Series on Persuasive Speakers: Choice of words

Many entrepreneurs are so passionate about their new startup idea that they can’t believe any intelligent being, investor or customer wouldn’t react just as excitedly after a quick introduction. They don’t realize that they can often kill their credibility — and future opportunities — by communicating only with passion, responding with a cynical comment or giving up too soon.

The art of getting others to see things as you see them — usually called persuasion — is a key one for entrepreneurs, and it needs to be honed from the first day that you formulate your new idea. You have to persuade the right partners to join and build the solution, the right investors to fund it and the right customers to buy it. Good marketing is just a subset of these efforts and skills.

Take the story of the blind beggar and the advertising writer as an example. This story shows the difference that persuasion and effective communication can make to an idea.

An old blind man was sitting on a busy street corner in the rush-hour begging for money. On a cardboard sign, next to an empty tin cup, he had written: ‘Blind – Please help’. No-one was giving him any money. A young advertising writer walked past and saw the blind man with his sign and empty cup, and also saw the many people passing by completely unmoved, let alone stopping to give money.

The advertising writer took a thick marker-pen from her pocket, turned the cardboard sheet back-to-front, and re-wrote the sign, then went on her way.
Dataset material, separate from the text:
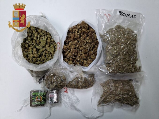 Dopo diversi servizi di appostamento per verificare la fondatezza dei propri sospetti, i poliziotti hanno proceduto ad un controllo dell’immobile. All’interno dell’appartamento, nel quale permeava un fortissimo odore di marijuana, gli agenti hanno rinvenuto all’interno di un ripostiglio: 1.1 chilogrammi circa di sostanza stupefacente del tipo Marijuana suddivisa un varie buste trasparenti; 350 grammi circa di sostanza stupefacente del tipo Marijuana all’interno di un boccaccio di vetro trasparente, un borsello all’interno del quale era custodita sostanza stupefacente del tipo hashish suddivisa in due panette del peso di 85 grammi circa l’una e di 80 grammi l’altra; 4 bilancini di precisione di diverse marche ed un hard disk con relativo cavetto.

Immediately, people began putting money into the tin cup. After a while, when the cup was overflowing, the blind man asked a stranger to tell him what the sign now said. “It says,” said the stranger, “‘It’s a beautiful day. You can see it. I cannot.’ “

Much later it was interpreted into a popular video on the web. This story illustrates in a timeless way how important choice of words and language is when we want to truly connect with and move other people.